Le Maroc mise sur deux nouveaux ports en eaux profondes pour renforcer son rôle stratégique en Afrique

Le Royaume du Maroc s’apprête à franchir une nouvelle étape décisive dans sa stratégie maritime et logistique. Dans un entretien accordé à l’agence Reuters, le ministre de l’Équipement et de l’Eau, Nizar Baraka, a annoncé l’ouverture prochaine de deux ports en eaux profondes : l’un à Nador sur la façade méditerranéenne, prévu pour 2026, et l’autre à Dakhla Atlantique, dans le sud du pays, dont l’achèvement est programmé pour 2028.

Ces deux projets d’envergure s’inscrivent dans une vision ambitieuse de repositionnement du Maroc comme plateforme logistique de premier plan, non seulement pour l’Afrique du Nord, mais aussi pour l’ensemble du continent ouest-africain.

Le port Nador West Med, en construction dans la province éponyme à l’est du port de Tanger Med, est conçu pour accueillir les plus grands navires de commerce internationaux. Selon M. Baraka, 90 % des travaux sont déjà réalisés, et sa mise en service est attendue en 2026. L’infrastructure comprendra un terminal pétrolier, trois quais à conteneurs d’une capacité totale de 3,3 millions d’EVP, ainsi que des terminaux pour vrac et marchandises diverses. Son coût total est estimé à 1,3 milliard de dollars américains, financé conjointement par le budget de l’État, des investissements privés et l’appui d’institutions financières internationales. Le projet abritera également le premier terminal de GNL (gaz naturel liquéfié) du pays, relié par pipeline aux zones industrielles majeures du royaume.

Du côté atlantique, le port de Dakhla Atlantique, en construction dans la région de la Sahara occidental, vise à transformer le sud du Maroc en un véritable hub de transit et de production, tourné vers l’Afrique de l’Ouest, le Sahel et l’Europe. Construit avec des partenaires chinois, ce port devrait être livré en 2028 et représente un investissement de plus de 1,2 milliard de dollars. Il est conçu pour traiter plus de 2,2 millions de tonnes de marchandises par an, incluant les produits halieutiques, agricoles et les ressources minières.

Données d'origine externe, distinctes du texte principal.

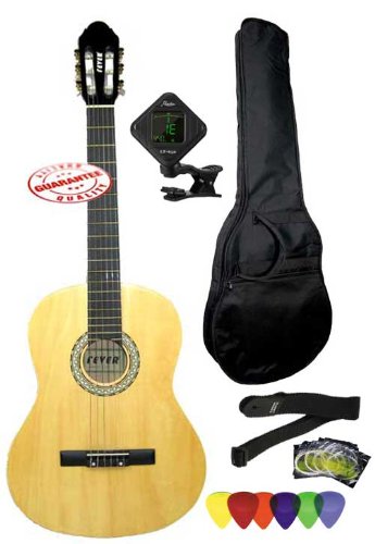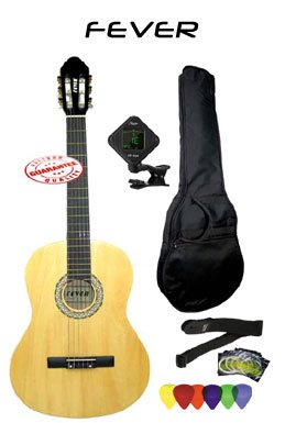 Studio : Fever Publisher : Fever Product Description This Full Size Student Beginner Nylon Classical Fever Guitar package provides quality and craftsmanship at affordable price. This Guitar delivers excellent tonal balance and thinner necks for extended comfort and playability. Classical body providing easier access to the frets for an extended tonal range. This Guitar is designed specifically to get beginning musicians started out on the right fret. A great guitar for students learning the ins and outs of classical guitar technique without breaking the bank. The package comes with guitar gig bag Chromatic tuner Extra set of strings Guitar strap and 5 picks. 0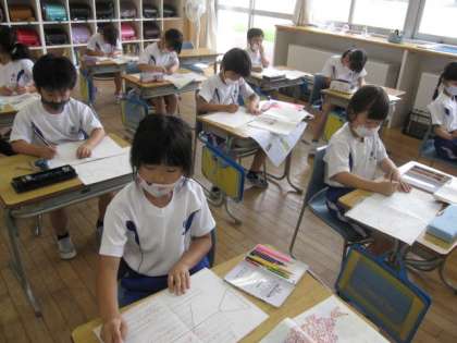 「スイミー」の紹介文を書きました。自分なりに紹介したいことを文章や絵を使って、整理しています。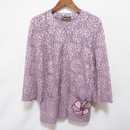 出張買取サービスにて斉藤都世子のカーディガンを買取しました。可愛らしく涼しくもあるカーディガンです。所々に感じるお花も愛らしさを引き立ててくれます。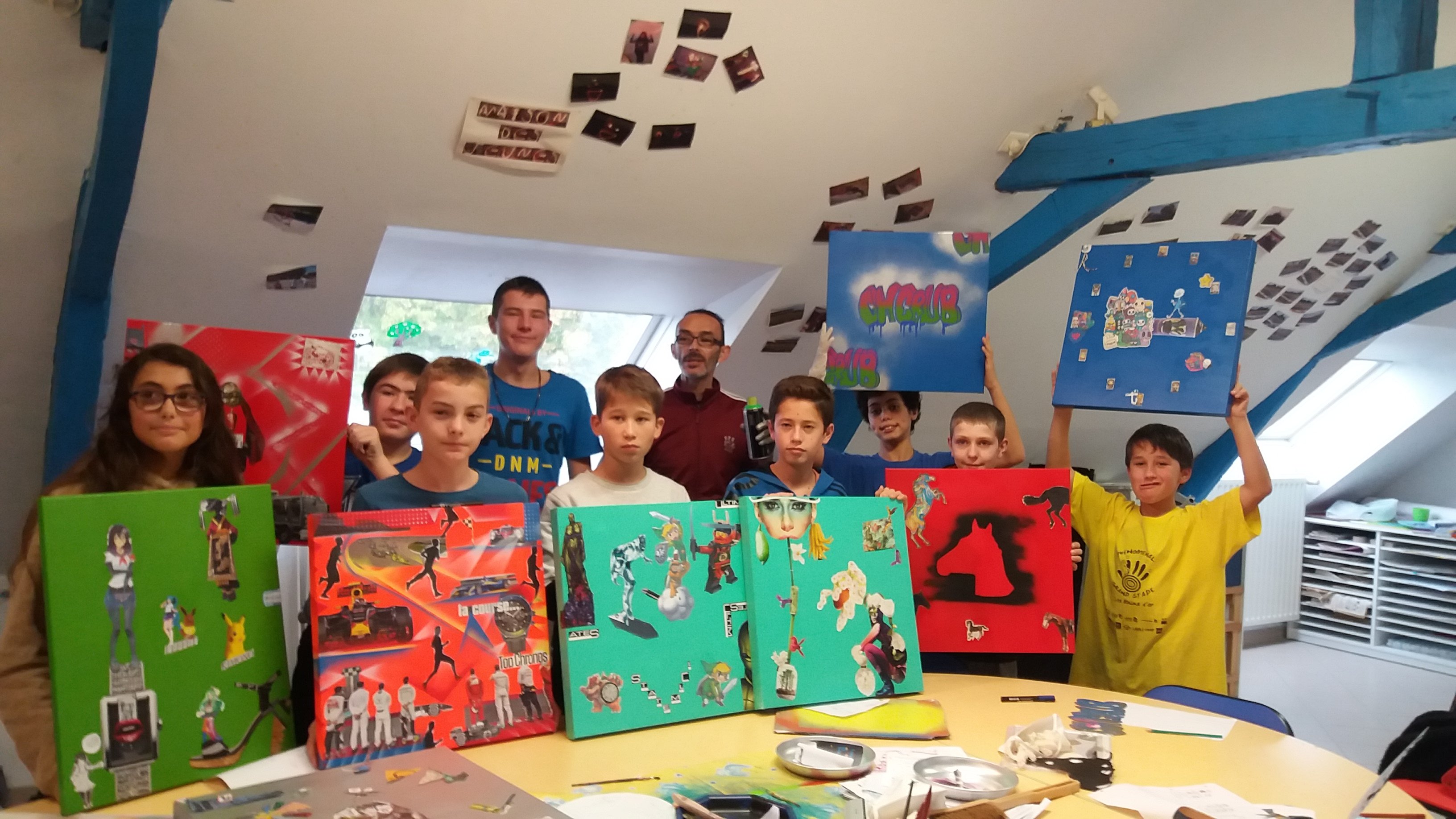 9 jeunes de 11 à 14 ans ont réalisé une toile sous les conseils de SAMESADA artiste changéen. Dès mardi, chacun a choisi son thème : manga, jeux vidéo, sport … A l’aide de bombes, posca, collages, découpages, chaque jeune a évolué à son rythme. Samesada a été attentif à chaque jeune pour l’encourager, le pousser vers des univers inhabituels.
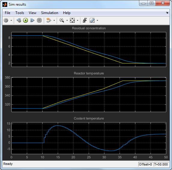 The process considered here is a continuous stirred tank reactor (CSTR) during transition from low to high conversion rate (high to low residual concentration). Because the chemical reaction is exothermic (produces heat), the reactor temperature must be controlled to prevent a thermal runaway. The control task is complicated by the fact that the process dynamics are nonlinear and transition from stable to unstable and back to stable as the conversion rate increases. The reactor dynamics are modeled in Simulink®. The controlled variables are the residual concentration Cr and the reactor temperature Tr, and the manipulated variable is the temperature Tc of the coolant circulating in the reactor's cooling jacket.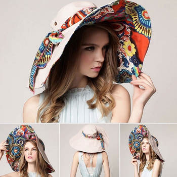 Fashion Women Flower Folding Brimmed Hat Sun UV Protection Outdoor Summer Beach Bowknot Hats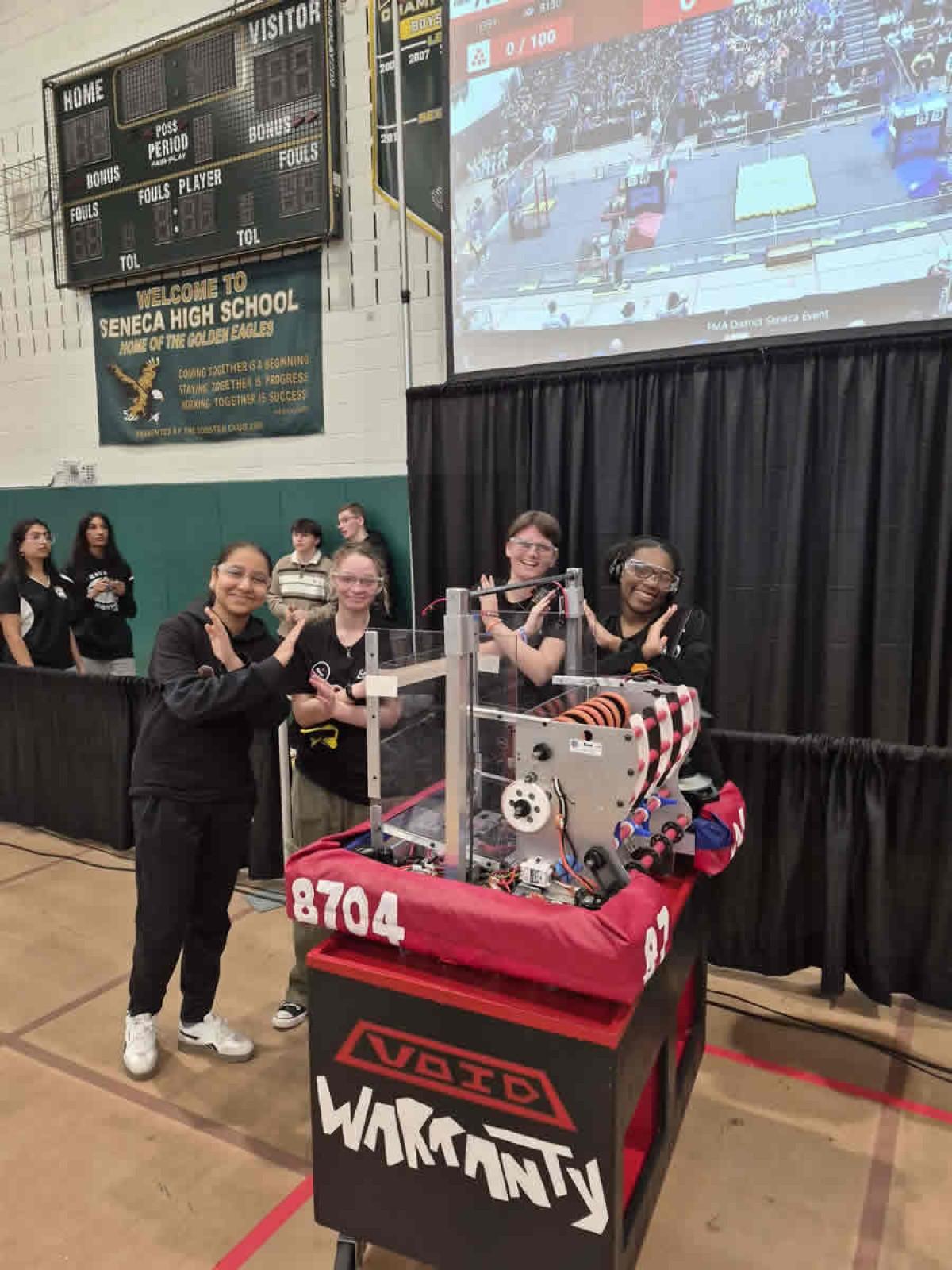 Incredible news regarding our school’s FIRST Robotics team, 8704 Void Warranty. This past weekend, our students competed at the district level event held at Seneca High School, and I am proud to announce that we took home the blue banner as Event Winners!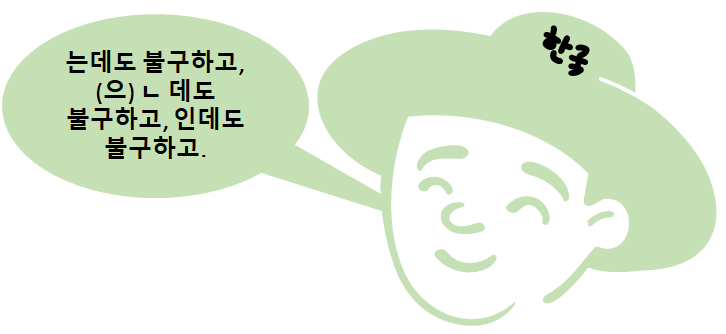 (настоящее время) 한국어 시험이 어려운데도 불구하고 시험을 잘 봤어요. Несмотря на то, что тест по корейскому языку был трудным, я справился с ним хорошо.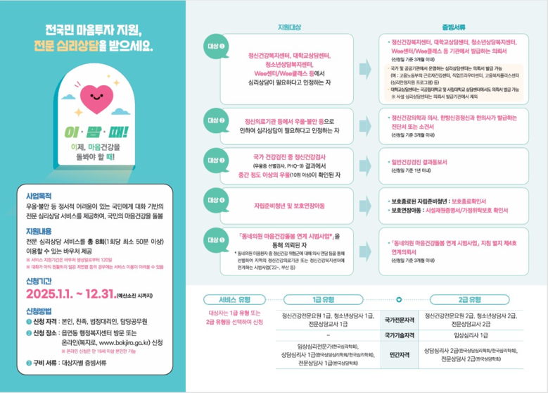 대상자는 민간심리상담기관을 통해 120일간 총 8회(회당 50분 이상)의 일대일(1:1) 대면 심리상담서비스를 제공받을 수 있다.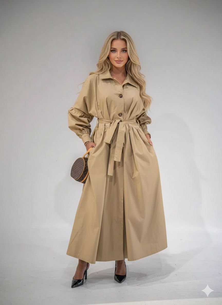 طقم كامل بني عسلي عباية و بنطلون و بلوزة بيج

Les deux ports s’intègrent dans la stratégie nationale Port Competitiveness Vision 2030, qui ambitionne de positionner le Maroc comme carrefour logistique entre l’Afrique, l’Europe et les Amériques. Outre les enjeux économiques, les projets portent aussi une forte dimension géopolitique. Le port de Nador pourrait favoriser de nouvelles synergies régionales avec l’Algérie, la Libye et le sud de l’Europe. Celui de Dakhla, pour sa part, est perçu à Rabat comme une porte d’entrée majeure pour l’intégration économique des pays sahéliens — notamment la Mauritanie, le Mali et le Niger — dans les corridors maritimes atlantiques.

Dans un contexte mondial marqué par les incertitudes économiques, le Maroc adopte une approche résolument proactive et multilatérale dans le développement de ses infrastructures portuaires. Ces projets contribuent non seulement à l’accroissement des échanges commerciaux, mais également à la création d’emplois, à la montée en puissance des capacités industrielles, au transfert de technologies et au renforcement du rôle du royaume dans le transit régional. Grâce à ces nouveaux ports, le pays se positionne avantageusement dans le cadre de la Zone de libre-échange continentale africaine (ZLECAf), en apportant des solutions logistiques concrètes aux pays enclavés de la région.

Il convient également de souligner l’attractivité croissante du Maroc pour les investisseurs. Des agences de notation comme Moody’s et Fitch Ratings saluent la solidité macroéconomique du pays, son niveau de dette maîtrisé et la participation active du secteur privé dans ses grands projets. Autour de Nador West Med et Dakhla Atlantique, des zones industrielles émergent déjà, suscitant l’intérêt d’acteurs majeurs comme OCP Group, Maroc Telecom, Huawei Maghreb et DP World, attirés par le potentiel des futurs pôles de transformation dans les domaines de la logistique, de la pêche, des phosphates et des services portuaires digitalisés.

L’ouverture de ces deux infrastructures ne constitue pas seulement un progrès logistique : elle marque le début d’un nouveau cycle de croissance souveraine et de revitalisation économique pour toute la région. En transformant sa position géographique en avantage stratégique, le Maroc offre aujourd’hui un exemple concret de vision, de continuité et de pragmatisme dans un monde en pleine mutation.